WHAT YOU ARE ASKED TO DO: Each line below should be retyped exactly, with no pictures.

DATA SUPPLIED:

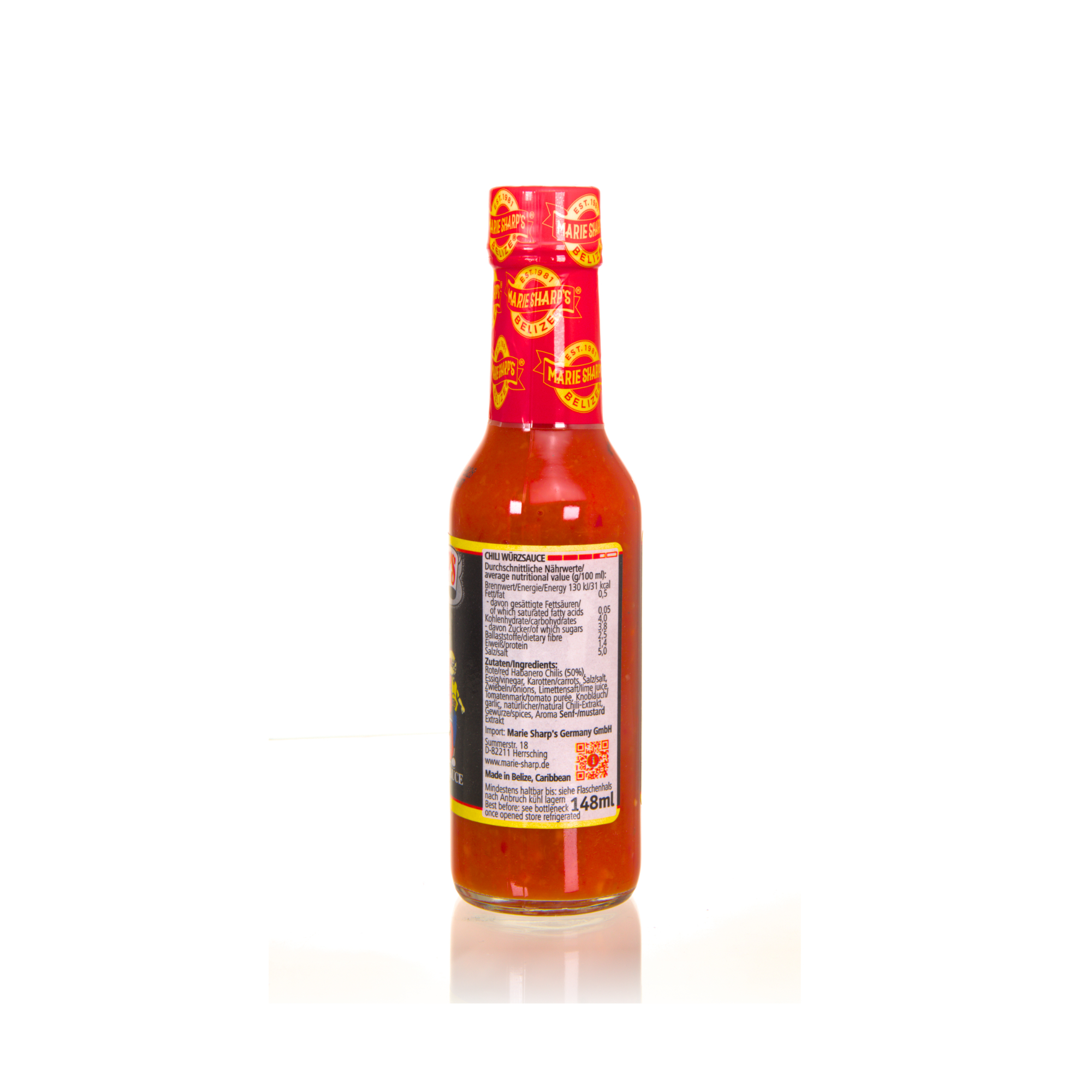 rote Habanero Chili 50%, Essig, Karotten, Salz, Zwiebeln, Limettensaft, Tomatenmark, Knoblauch, natürlicher Chiliextrakt, Gewürze, Aroma: Senfextrakt
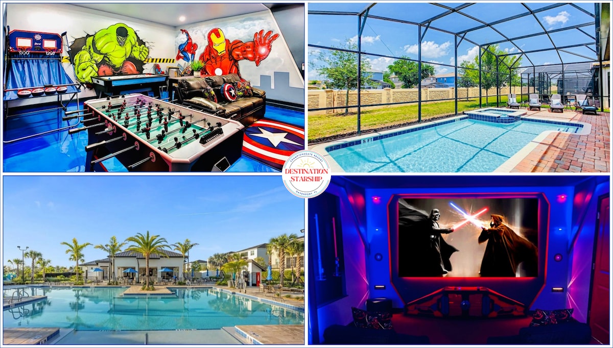 <b>Stylish villa fully renovated with themed movie theater and game room, west facing private pool & spa and in a gated community</b> -8 Bedrooms (2 master suites) – Themed Kids Bedrooms -Starship Movie Theater 120" 4K screen -Game room - Xbox & PS4, basketball and air hockey games (AC equipped) -West facing Heated Pool/SPA ($30/day extra) -And free access to The Oasis and The Retreat Club Houses. Within 20-30 min of all theme parks, great shopping, restaurants & the Orlando Int'l Airport
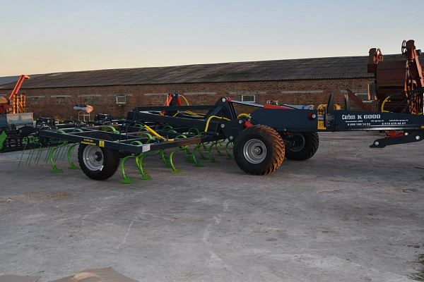 Carbon K6000 предназначен для сплошной предпосевной обработки почвы и ухода за парами с одновременным прикатыванием и выравниванием поверхности поля. Технологический процесс, выполняемый культиватором, заключается в следующем: при рабочем ходе культиватора по полю стрельчатые лапы рыхлят на заданную глубину поверхностный слой почвы, подрезают сорняки, а расположенные сзади пружинные зубья и катки выравнивают борозды, которые образуются от прохода рабочих органов. Carbon K6000 - это орудие с шириной захвата 6,0 м., оснащен стрельчатыми лапами шириной захвата 265 мм., шаг установки стрельчатых лап 225 мм., оснащен шлейфом, состоящим из пружинных бороновальных модулей, катков и выравнивающих планок, перевод из транспортного положения в рабочее и наоборот производится при помощи гидросистемы. Carbon K6000 обрабатывает почву под посевы зерновых, овощных и пропашных культур. Carbon K6000 должен эксплуатироваться в различных почвенно-климатических зонах России на почвах, не засорённых камнями и не подверженных ветровой эрозии.
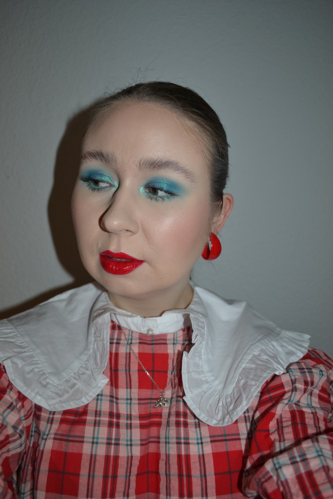 (Base: primer – Essence Prime + Studio Multi-Action + Protecting primer, foundation – e.l.f. Cosmetics Camo CC Cream (shade: Fair 120N), concealers – e.l.f. 16HR Camo matte concealer (shades: Light Sand + Fair Warm), powders – Essence Brighten Up! Banana powder in 10 Bababanana + Catrice All Matt Shine Control powder Healthy Look in 100 Neutral Fresh Beige. Face make-up: bronzer – Fenty Beauty Cheeks Out Freestyle cream bronzer in Butta Bisquit, blusher – MAC Glow Play blush in Grand, highlighter – RMS Beauty Living Luminizer. Eye make-up: base – MAC Pro Longwear Paint Pot in Painterly, eyeshadows – By BEAUTY BAY Disney Colour and BEAUTY BAY Mini Palette in Alice In Wonderland Cheshire Cat (shades: Cheshire Cat Teeth + Cheshire Cat Tree) + Juvia’s Place The Rebel Mint eyeshadow palette (shades: 2. shade top row + 2. shade bottom row) + Juvia’s Place Olori I palette (shade: 5), mascaras – Essence Volume Booster lash primer + Maybelline Lash Sensational Sky High mascara, eyeliner – LA Girl Shockwave Neon Liner in Fresh. Eyebrows: Anastasia Beverly Hills Brow Freeze + Maybelline Brow Ultra Slim pencil in Medium Brown. Lips: Gosh Velvet Touch lipliner in 004 Simply Red + Sephora Collection Glossed Vinyl Intense lip lacquer in 06 All-Powerful Red)
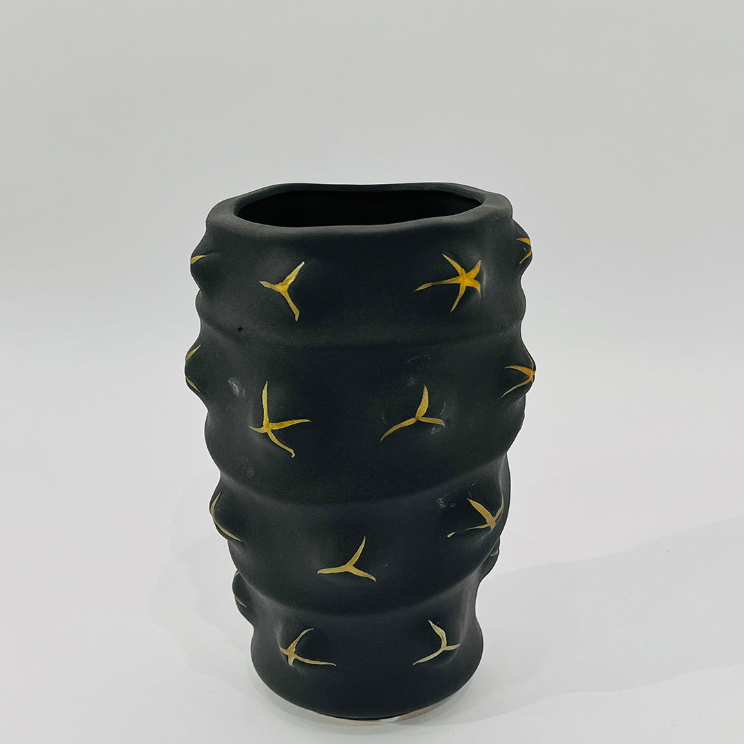 Elegante jarrón de cerámica en color negro, ideal para aportar un toque moderno y sofisticado a cualquier espacio. Su diseño minimalista combina fácilmente con distintos estilos de decoración.

RESULT OF THIS TASK:
 rote Habanero Chili 50%, Essig, Karotten, Salz, Zwiebeln, Limettensaft, Tomatenmark, Knoblauch, natürlicher Chiliextrakt, Gewürze, Aroma: Senfextrakt
 <b>Stylish villa fully renovated with themed movie theater and game room, west facing private pool & spa and in a gated community</b> -8 Bedrooms (2 master suites) – Themed Kids Bedrooms -Starship Movie Theater 120" 4K screen -Game room - Xbox & PS4, basketball and air hockey games (AC equipped) -West facing Heated Pool/SPA ($30/day extra) -And free access to The Oasis and The Retreat Club Houses. Within 20-30 min of all theme parks, great shopping, restaurants & the Orlando Int'l Airport
 Carbon K6000 предназначен для сплошной предпосевной обработки почвы и ухода за парами с одновременным прикатыванием и выравниванием поверхности поля. Технологический процесс, выполняемый культиватором, заключается в следующем: при рабочем ходе культиватора по полю стрельчатые лапы рыхлят на заданную глубину поверхностный слой почвы, подрезают сорняки, а расположенные сзади пружинные зубья и катки выравнивают борозды, которые образуются от прохода рабочих органов. Carbon K6000 - это орудие с шириной захвата 6,0 м., оснащен стрельчатыми лапами шириной захвата 265 мм., шаг установки стрельчатых лап 225 мм., оснащен шлейфом, состоящим из пружинных бороновальных модулей, катков и выравнивающих планок, перевод из транспортного положения в рабочее и наоборот производится при помощи гидросистемы. Carbon K6000 обрабатывает почву под посевы зерновых, овощных и пропашных культур. Carbon K6000 должен эксплуатироваться в различных почвенно-климатических зонах России на почвах, не засорённых камнями и не подверженных ветровой эрозии.
 (Base: primer – Essence Prime + Studio Multi-Action + Protecting primer, foundation – e.l.f. Cosmetics Camo CC Cream (shade: Fair 120N), concealers – e.l.f. 16HR Camo matte concealer (shades: Light Sand + Fair Warm), powders – Essence Brighten Up! Banana powder in 10 Bababanana + Catrice All Matt Shine Control powder Healthy Look in 100 Neutral Fresh Beige. Face make-up: bronzer – Fenty Beauty Cheeks Out Freestyle cream bronzer in Butta Bisquit, blusher – MAC Glow Play blush in Grand, highlighter – RMS Beauty Living Luminizer. Eye make-up: base – MAC Pro Longwear Paint Pot in Painterly, eyeshadows – By BEAUTY BAY Disney Colour and BEAUTY BAY Mini Palette in Alice In Wonderland Cheshire Cat (shades: Cheshire Cat Teeth + Cheshire Cat Tree) + Juvia’s Place The Rebel Mint eyeshadow palette (shades: 2. shade top row + 2. shade bottom row) + Juvia’s Place Olori I palette (shade: 5), mascaras – Essence Volume Booster lash primer + Maybelline Lash Sensational Sky High mascara, eyeliner – LA Girl Shockwave Neon Liner in Fresh. Eyebrows: Anastasia Beverly Hills Brow Freeze + Maybelline Brow Ultra Slim pencil in Medium Brown. Lips: Gosh Velvet Touch lipliner in 004 Simply Red + Sephora Collection Glossed Vinyl Intense lip lacquer in 06 All-Powerful Red)
 Elegante jarrón de cerámica en color negro, ideal para aportar un toque moderno y sofisticado a cualquier espacio. Su diseño minimalista combina fácilmente con distintos estilos de decoración.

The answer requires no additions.